Exercise description: Exact transcription, pictures omitted: begin at the top line of the records below and end with the line bearing "Acontece nesta semana".

Items from a data source:
=== Section Start ===
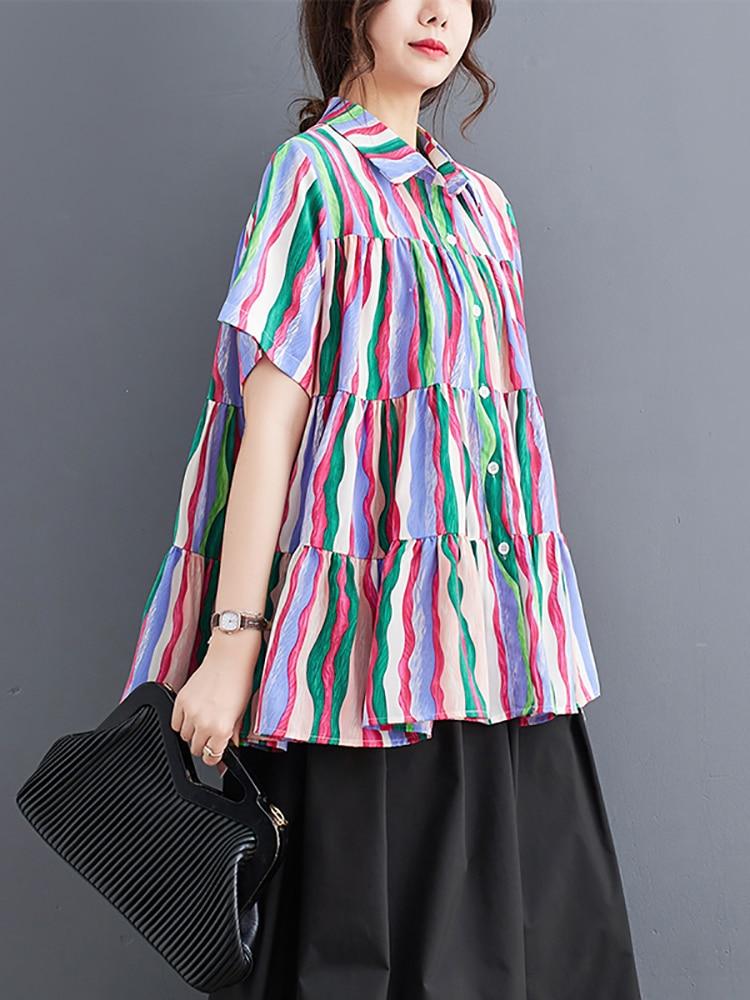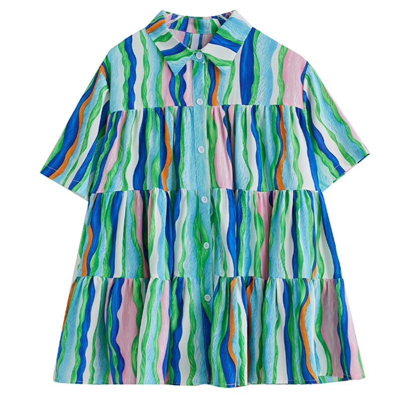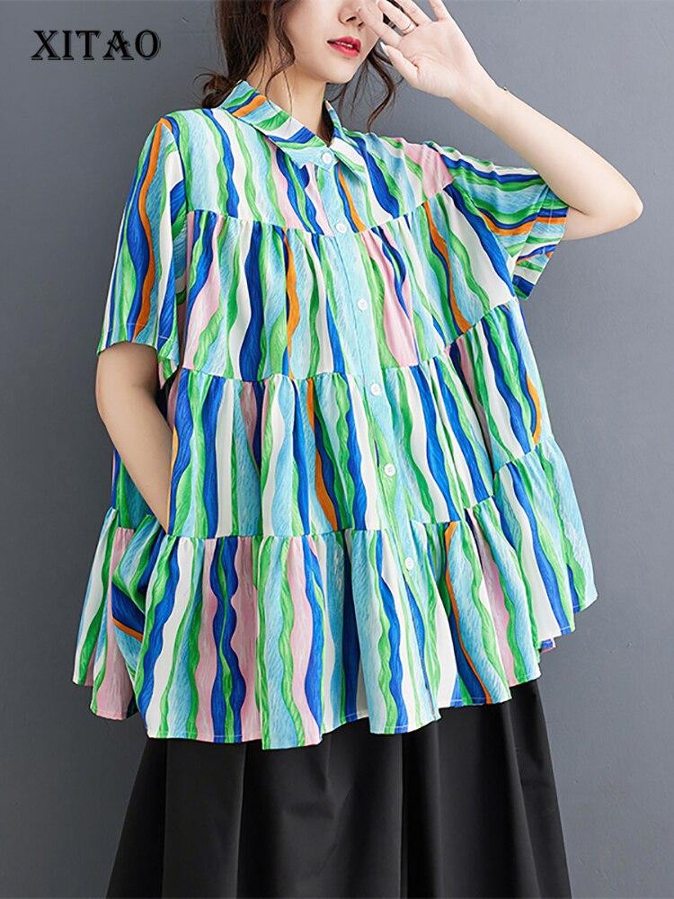 Xitao Женская полосатая рубашка с принтом в стиле пэчворк, новинка DMJ1407
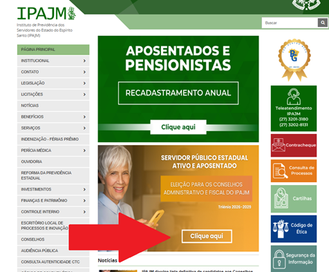 Após acessar o site do Instituto www.ipajm.es.gov.br, clique no banner da Eleição e, em seguida, em VOTE AQUI. Você será direcionado ao ambiente de votação.
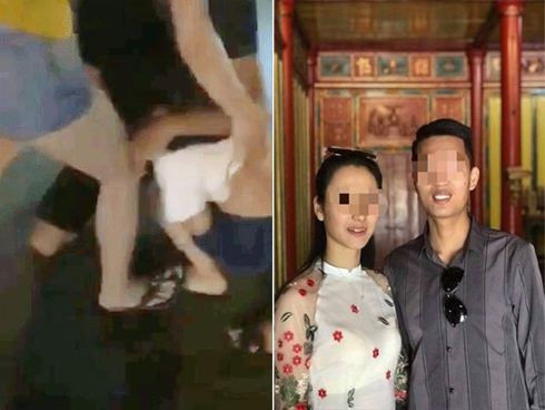 Hình ảnh anh V. cởi trần can ngăn người nhà hành hung chị G.
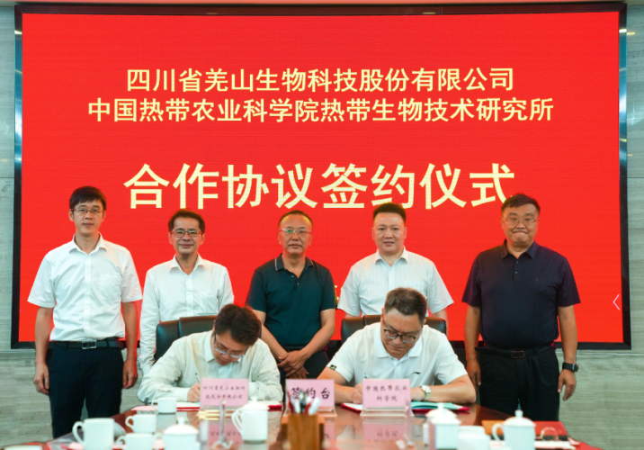 成果转化处处长廖子荣,生物所副所长吴波,品资所、试验场相关领导以及四川省羌山生物科技股份有限公司总工程师张鑫羲等7人参加了签约仪式。
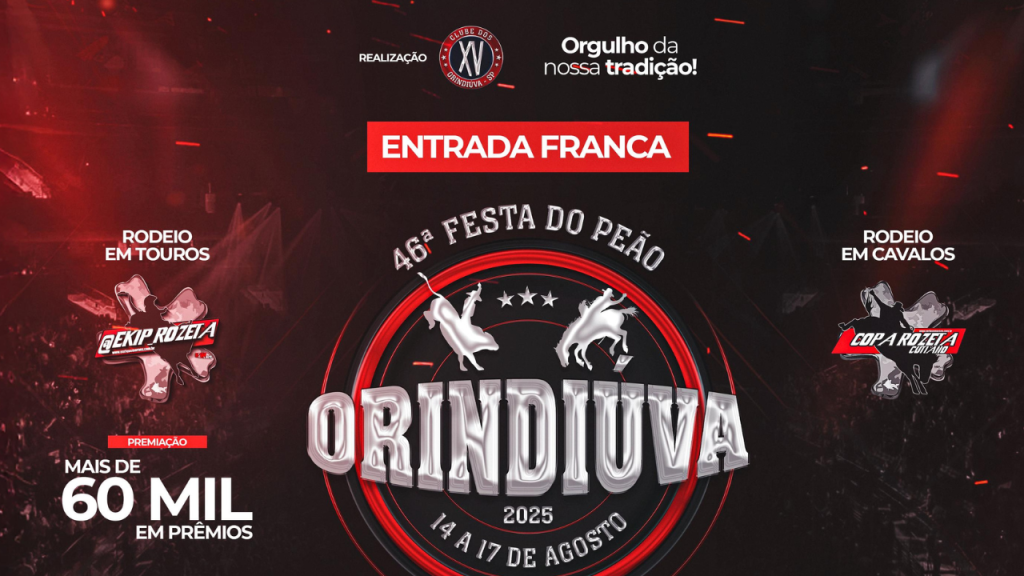 Acontece nesta semana a 46ª Festa do Peão de Orindiúva/SP, entre os dias 14 e 17 de agosto. O evento é uma realização do Clube dos XV, que tem como presidente Guilherme Ferreira Barbosa, com apoio da Prefeitura Municipal, governada pela prefeita Mireli Leite Ruvieri Martins, da Câmara Municipal, presidida por Rafael Guilherme Rodrigues Dias, e do Grupo Exclusiva.
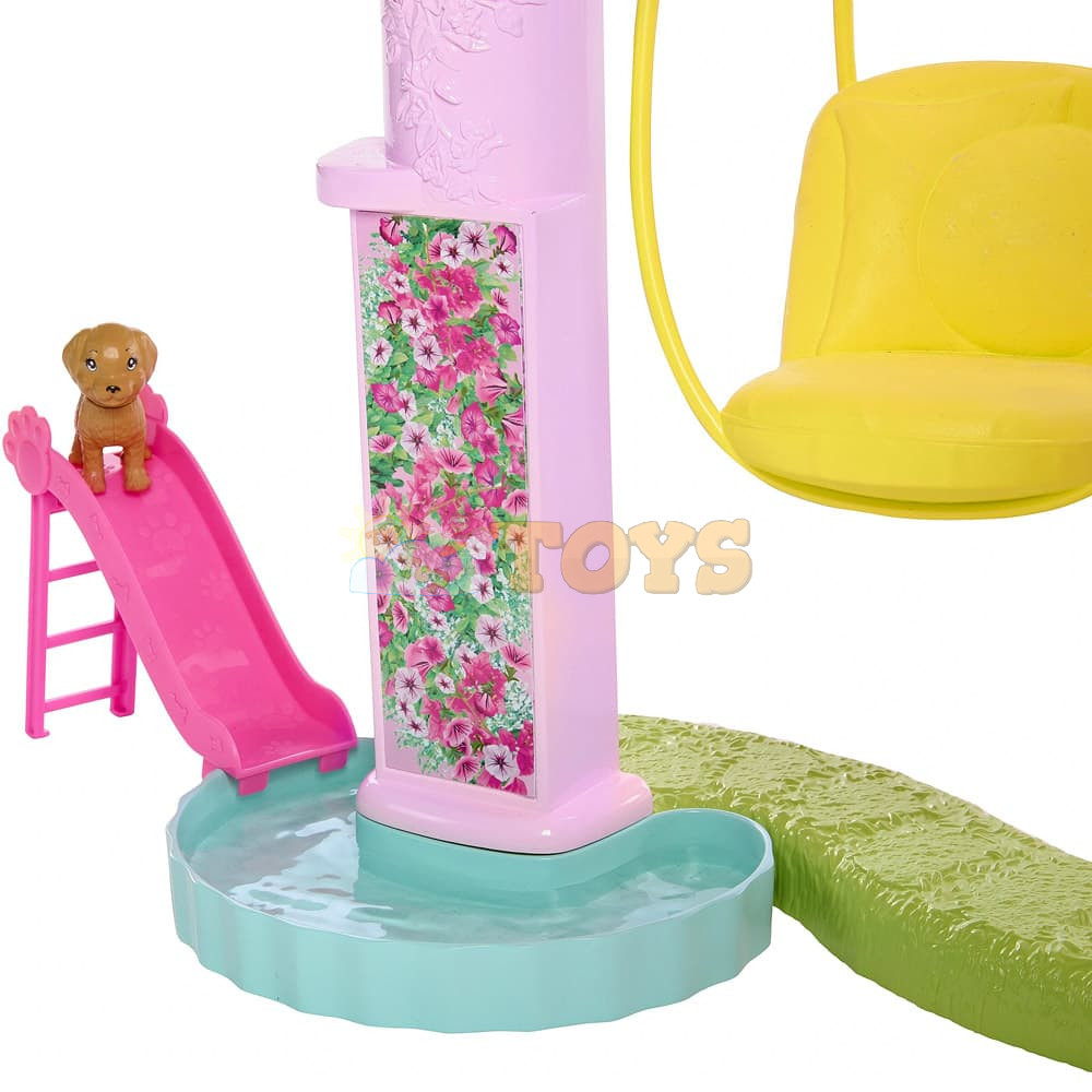 Welcome to the Barbie® Dreamhouse™, where 360-degree play inspires endless fun! This updated version of the iconic dollhouse includes an open design, premium features and over 75 story pieces. Barbie® can throw the pool party of her dreams with her home's spectacular three-story spiral slide. Watch as Barbie® doll and her friends slide down the slide into the pool! Dolls are not included. This dollhouse also doubles as a real pet palace, even including a puppy figure! Fluffy friends will have a blast with the pet elevator, pet slide, pool, puppy bed, doggy door and pet house. Right from the start, kids can spend hours exploring the ten different play areas: a kitchen, living room, dining room, bedroom, bathroom, closet, bonus room, balcony, swimming pool and the biggest slide yet. The pool party can turn into a slumber party with room to accommodate four dolls! The living room console transforms into a perfect sleepover spot with a starry backdrop and an extra bed for two dolls. Dreamy features include integrated lights and sounds in the kitchen and bathroom, fun furnishings -- including an extra pull-out bed in the bedroom -- and a top-floor balcony with a palm tree. Exciting play details with over 75 pieces, a functional wheelchair-accessible lift, an adorable swing, a fabulous wardrobe and more. When kids 3 years and older "step into" the Barbie® Dreamhouse™ playset, they'll never run out of stories to tell!
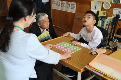 今日は、子どもの成長の様子を見たり、先生方の指導への支援をしたりする機会として、学校支援訪問がありました。そのために、町教育委員会、北部教育事務所の方々のご支援をいただきました。午前は、授業参観、午後は研究協議会(意見交換など)を行いました。
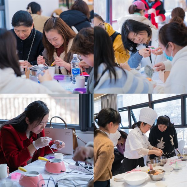 在手工制作環(huán)節(jié)中,本次內(nèi)容分為蛋糕DIY和香皂DIY?;顒蝇F(xiàn)場,老師對蛋糕和香皂的制作進行耐心細致地講解與指導(dǎo),并進行現(xiàn)場教學(xué)示范,大家興致勃勃地拿起制作工具,在各自的蛋糕胚和香皂上展開想象,躍躍欲試。經(jīng)過大家的精心創(chuàng)作,一個個香甜可口的蛋糕、妙趣橫生的香皂陸續(xù)呈現(xiàn)在大家的面前。
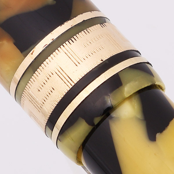Color Black and pearl cap and barrel. The pen has flat black pieces on both ends and several decorative bands. There are four narrow bands in total and a 3/16" decorated "deco" cap band. The trim is gold filled and there is a gold seal guarantee on the cap.
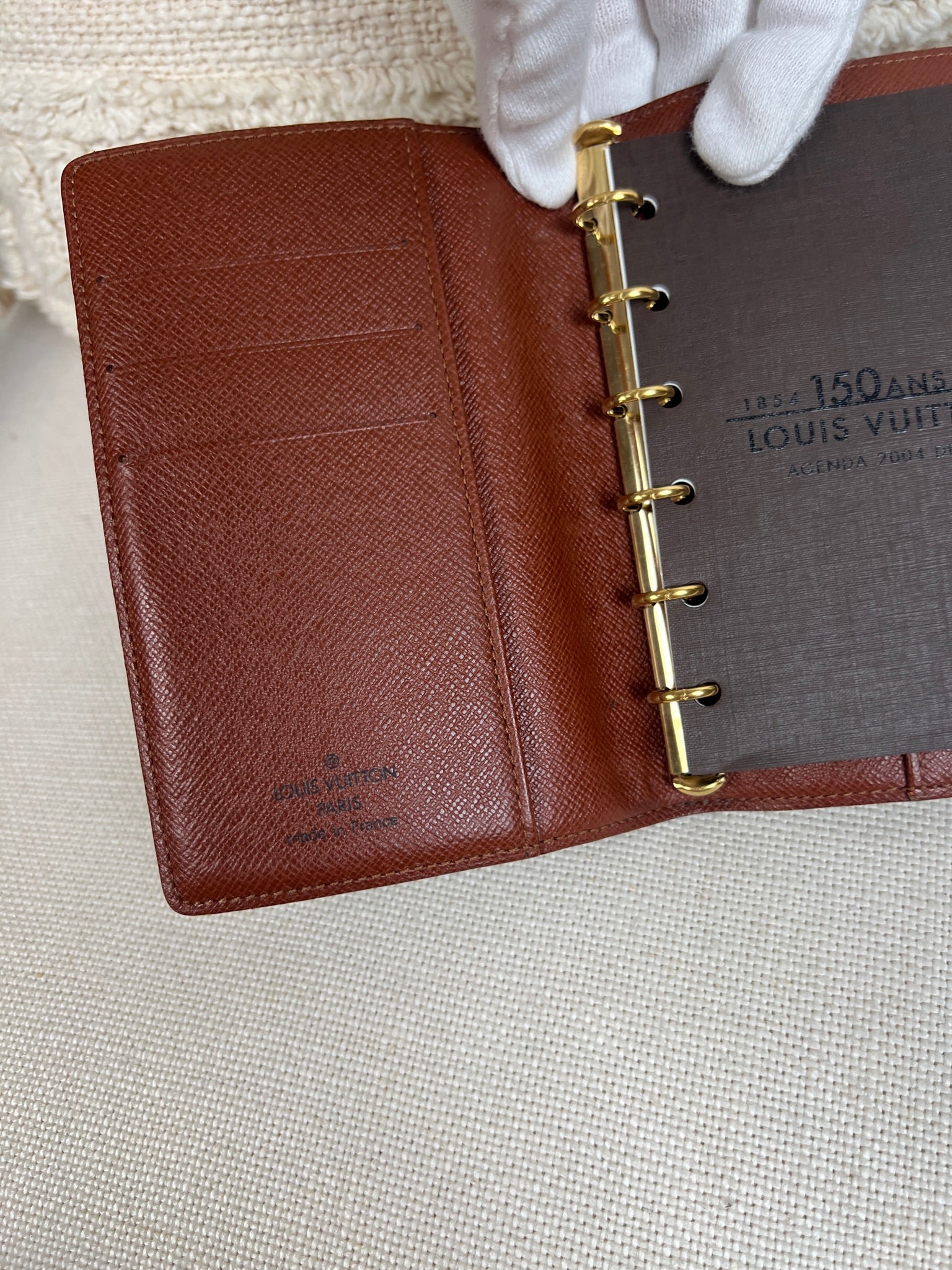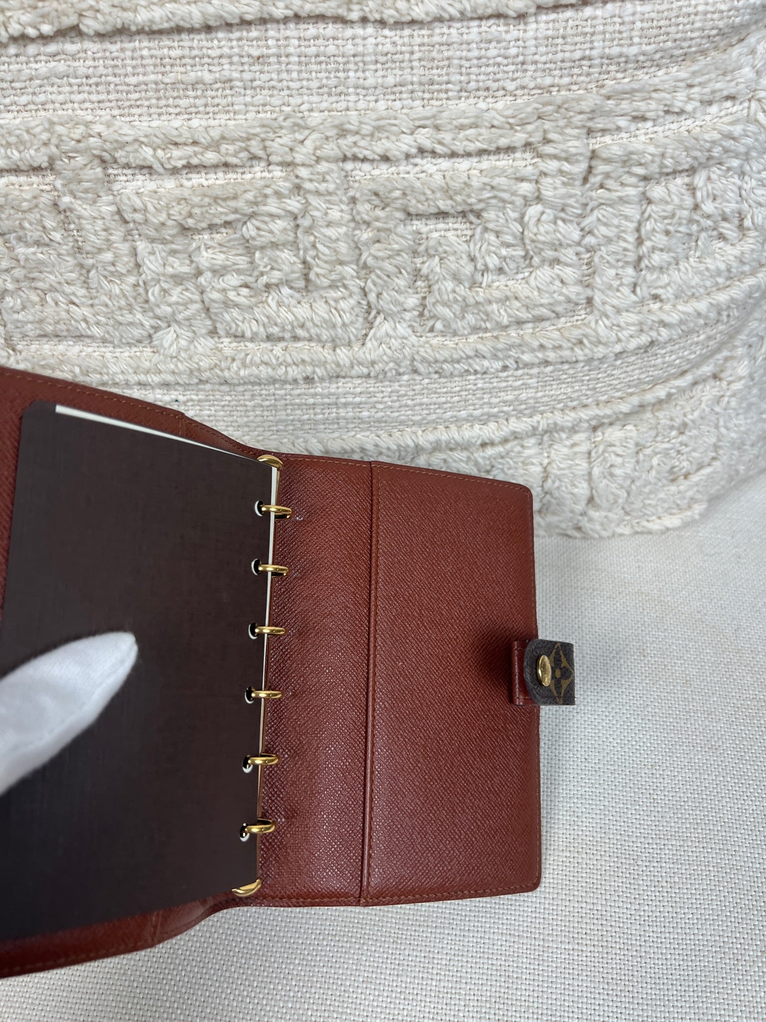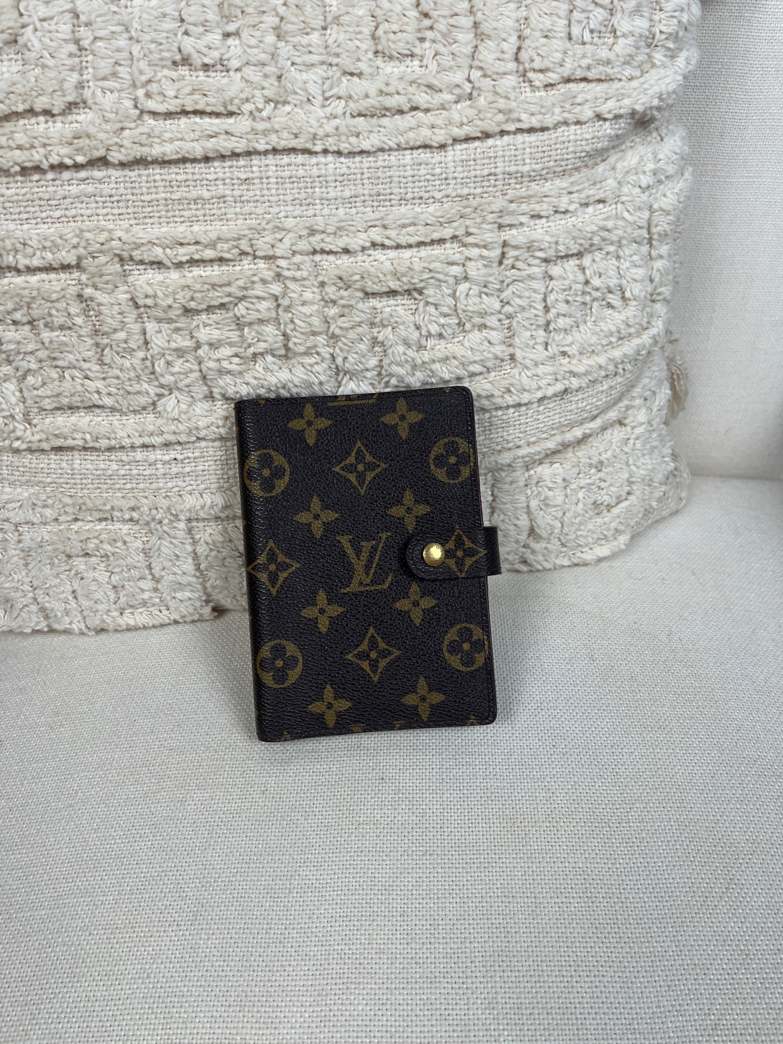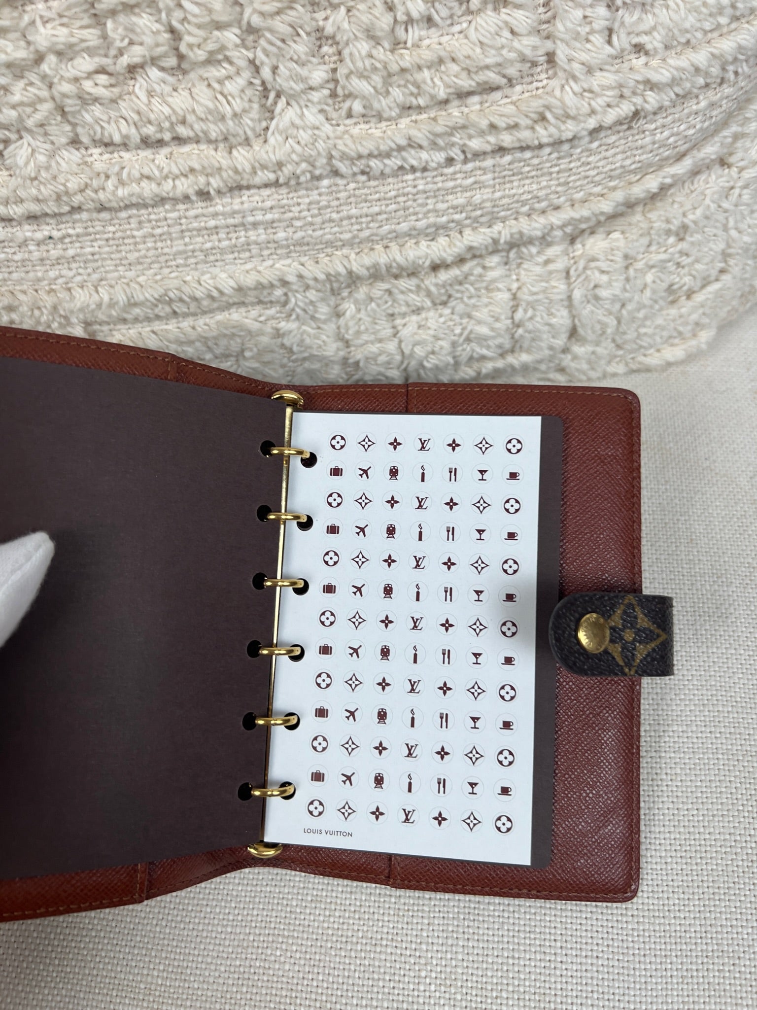 This Louis Vuitton Small Ring Agenda Cover is in very good condition. The canvas is in very good condition. The corners are in very good condition. The interior is also in very good condition. Comes with stickers and papers. The button has little scratches from normal use.
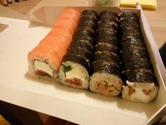 Я не в восторге. Заказывали Кавасаки + доп.ролл (слева) . Все приехало подсушенное, доп.ролл разваливался как ты его не перехватывай, на мой вкус - в роллах было слишком много сыра - чувствовался лишь вкус сыра. Я не могу сказать, что мне понравилось, к сожалению.
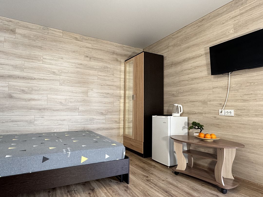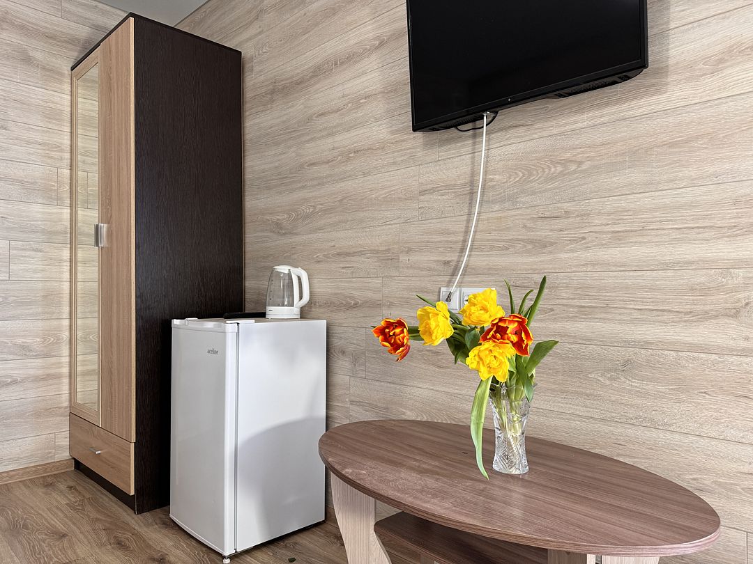 Номер оборудован: двуспальная кровать, диван-кровать, прикроватные тумбочки, зеркало, шкаф, журнальный столик, мини-холодильник, электроплитка, электрочайник, набор посуды и кухонные принадлежности, телевизор, кондиционер. Ванная комната: душ, зеркало, раковина и туалет.
=== Section End ===
Task solution:
 Xitao Женская полосатая рубашка с принтом в стиле пэчворк, новинка DMJ1407
 Após acessar o site do Instituto www.ipajm.es.gov.br, clique no banner da Eleição e, em seguida, em VOTE AQUI. Você será direcionado ao ambiente de votação.
 Hình ảnh anh V. cởi trần can ngăn người nhà hành hung chị G.
 成果转化处处长廖子荣,生物所副所长吴波,品资所、试验场相关领导以及四川省羌山生物科技股份有限公司总工程师张鑫羲等7人参加了签约仪式。
 Acontece nesta semana a 46ª Festa do Peão de Orindiúva/SP, entre os dias 14 e 17 de agosto. O evento é uma realização do Clube dos XV, que tem como presidente Guilherme Ferreira Barbosa, com apoio da Prefeitura Municipal, governada pela prefeita Mireli Leite Ruvieri Martins, da Câmara Municipal, presidida por Rafael Guilherme Rodrigues Dias, e do Grupo Exclusiva.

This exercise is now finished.